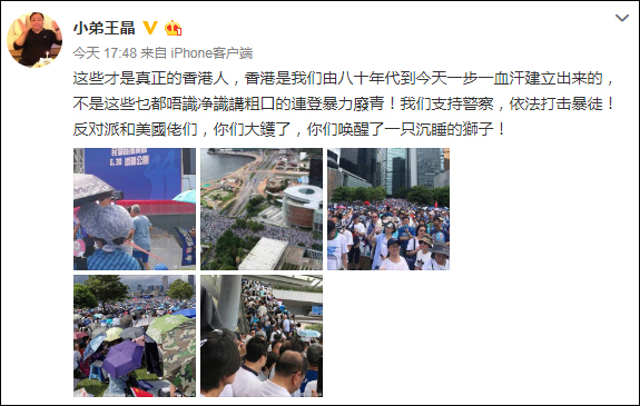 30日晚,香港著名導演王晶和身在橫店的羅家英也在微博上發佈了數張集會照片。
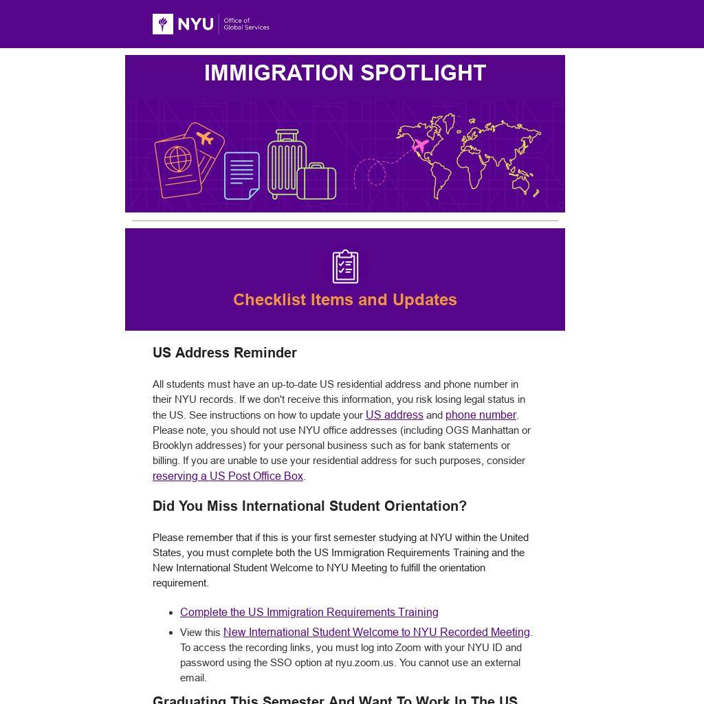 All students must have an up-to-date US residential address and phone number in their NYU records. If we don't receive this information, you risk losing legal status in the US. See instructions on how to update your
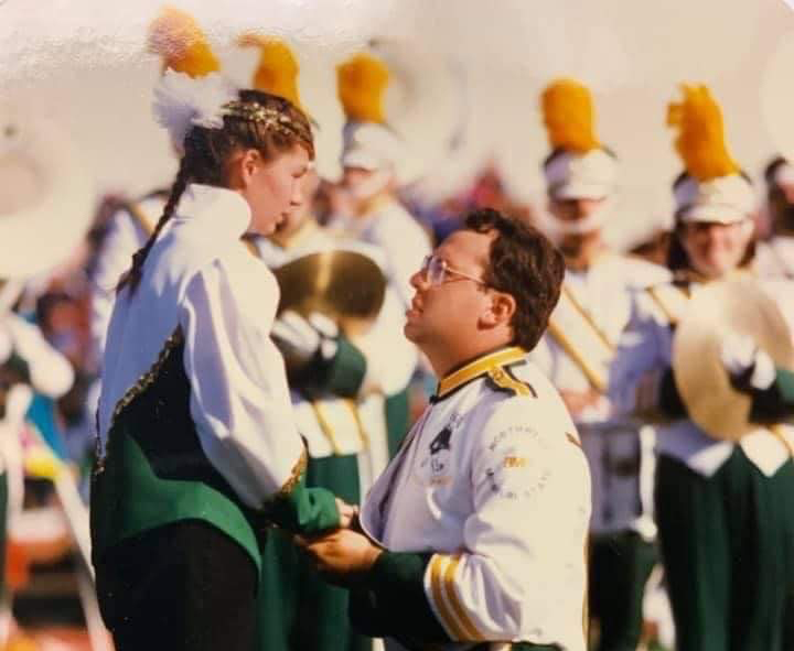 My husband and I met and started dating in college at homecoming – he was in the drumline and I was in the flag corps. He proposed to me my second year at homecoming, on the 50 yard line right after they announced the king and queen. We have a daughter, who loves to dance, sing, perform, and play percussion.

...

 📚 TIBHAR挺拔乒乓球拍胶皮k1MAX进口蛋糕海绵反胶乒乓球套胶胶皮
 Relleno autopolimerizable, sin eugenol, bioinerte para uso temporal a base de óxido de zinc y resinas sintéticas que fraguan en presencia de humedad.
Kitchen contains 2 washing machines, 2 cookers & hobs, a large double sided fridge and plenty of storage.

==

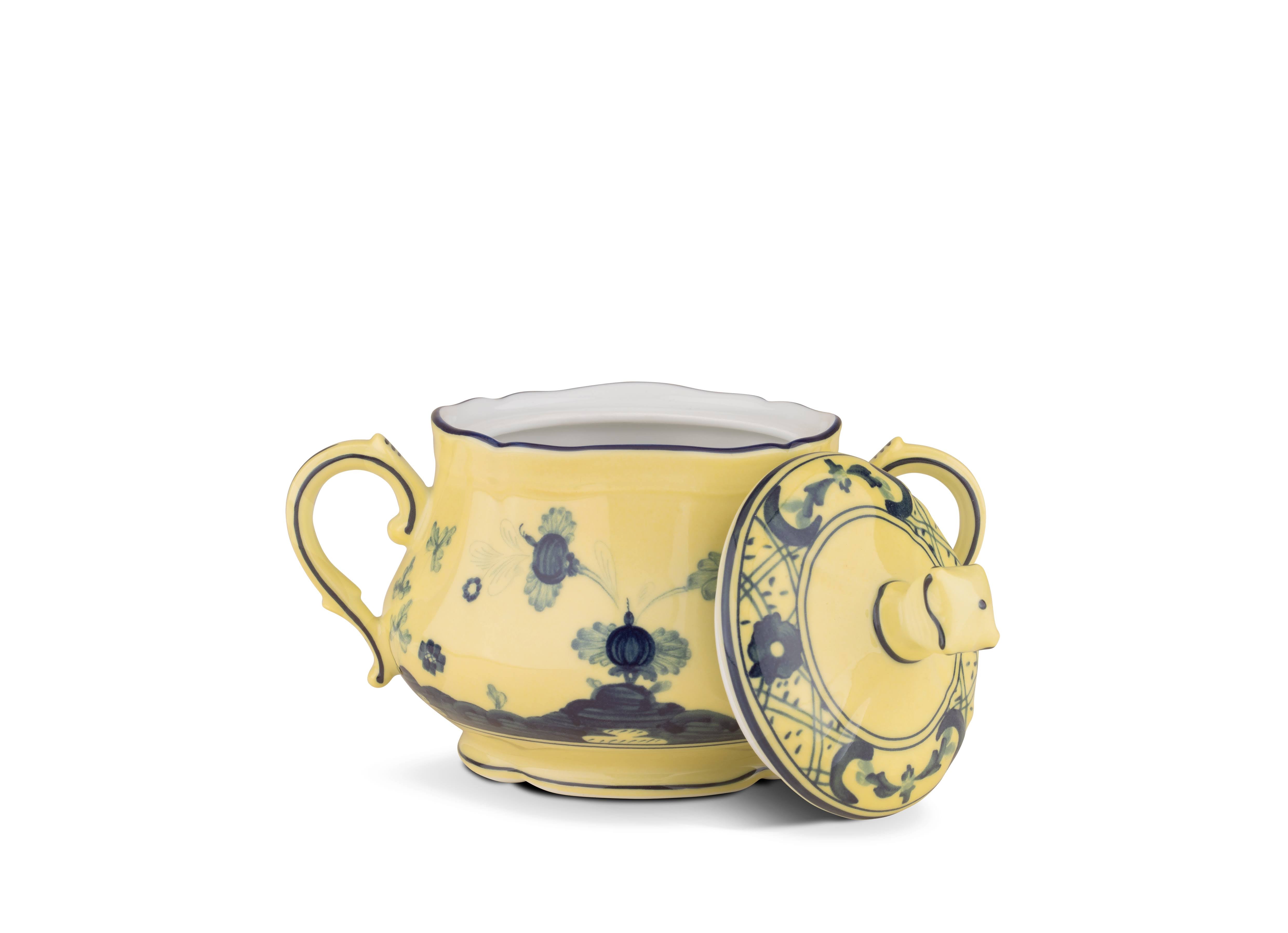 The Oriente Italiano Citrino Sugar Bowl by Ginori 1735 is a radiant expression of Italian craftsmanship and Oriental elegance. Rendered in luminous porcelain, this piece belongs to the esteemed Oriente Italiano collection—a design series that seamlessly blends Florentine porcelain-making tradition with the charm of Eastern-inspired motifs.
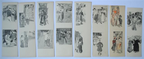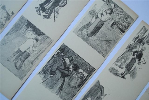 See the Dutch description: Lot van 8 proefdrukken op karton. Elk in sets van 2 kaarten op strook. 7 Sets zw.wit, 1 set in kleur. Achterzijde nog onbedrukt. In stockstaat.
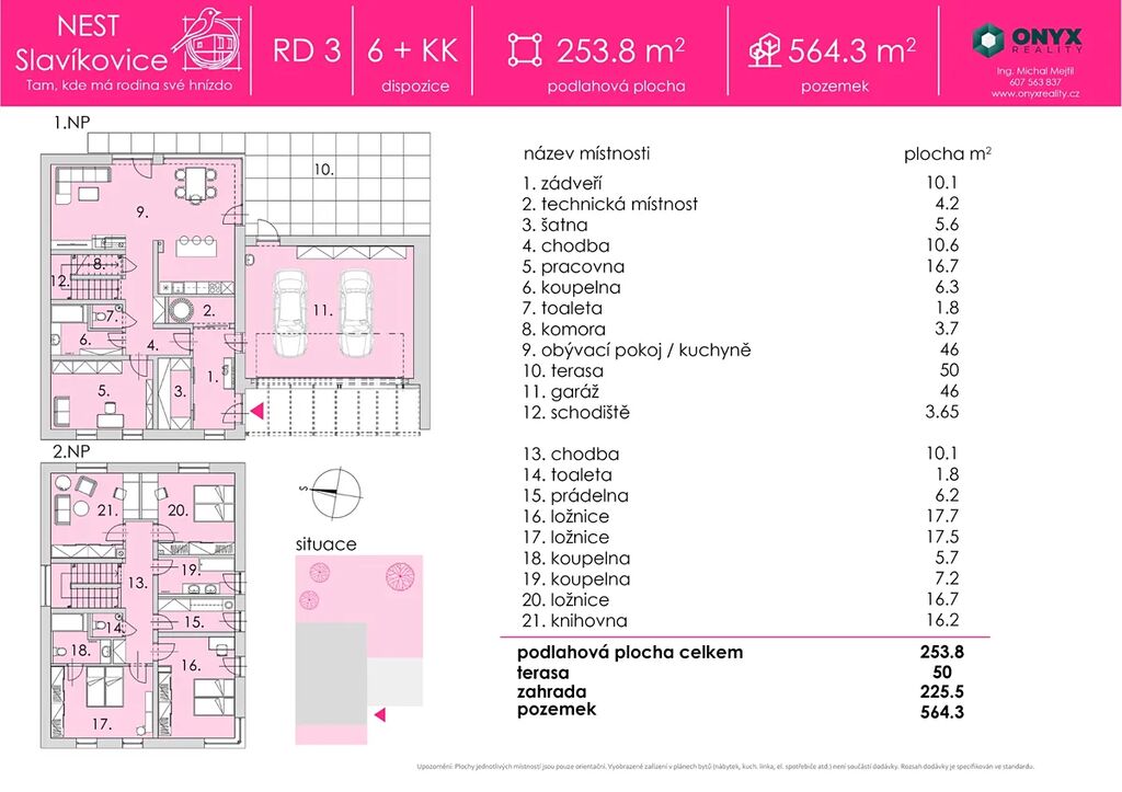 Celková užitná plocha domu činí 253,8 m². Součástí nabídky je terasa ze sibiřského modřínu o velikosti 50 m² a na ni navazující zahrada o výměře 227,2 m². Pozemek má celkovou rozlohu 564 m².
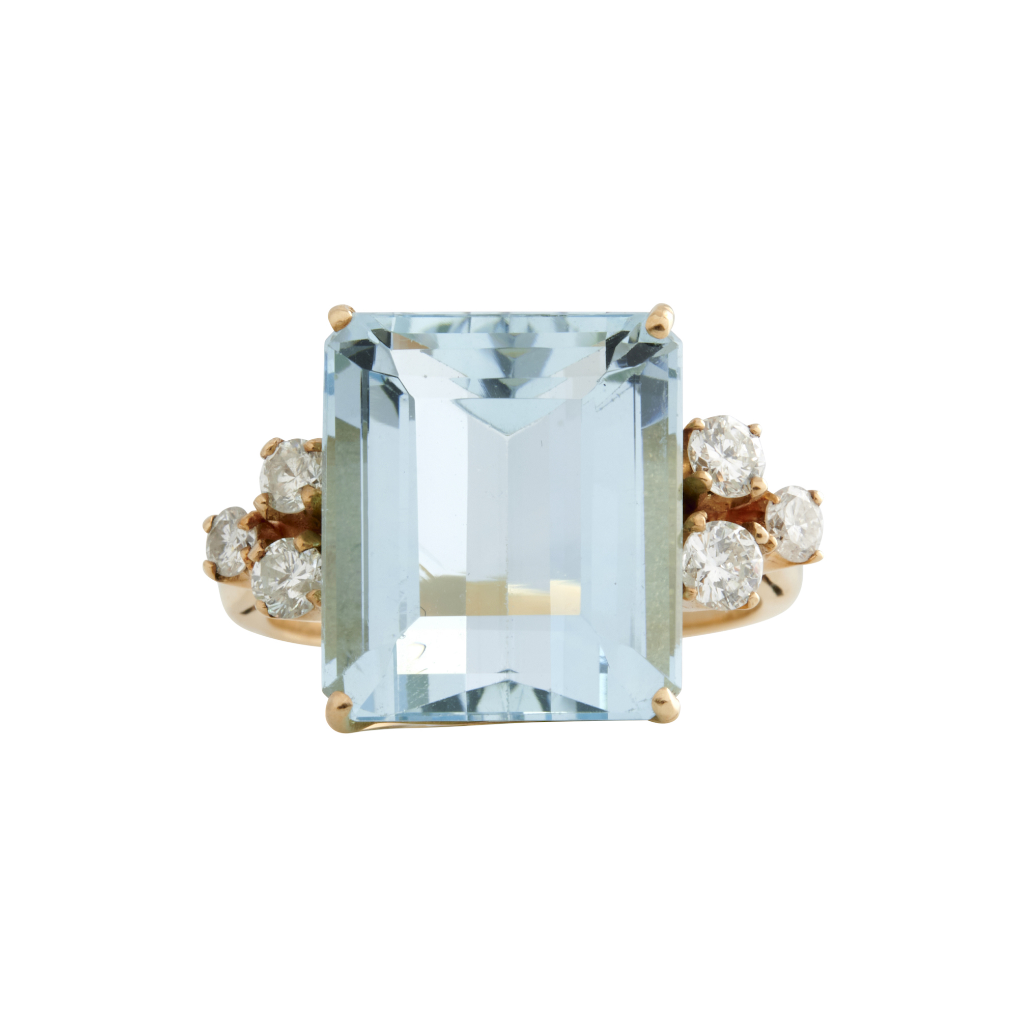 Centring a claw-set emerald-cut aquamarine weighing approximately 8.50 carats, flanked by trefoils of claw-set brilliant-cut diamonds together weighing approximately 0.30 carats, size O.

Task to complete
The lines to set down run from the line with "30日晚,香港著名導演王晶和身在橫店的羅家英也在微博上發佈了數張集會照片。" up to and including the line with "All students must" in the entries above. Reproduce them exactly, with no pictures.

Solution to this exercise
 30日晚,香港著名導演王晶和身在橫店的羅家英也在微博上發佈了數張集會照片。
 All students must have an up-to-date US residential address and phone number in their NYU records. If we don't receive this information, you risk losing legal status in the US. See instructions on how to update your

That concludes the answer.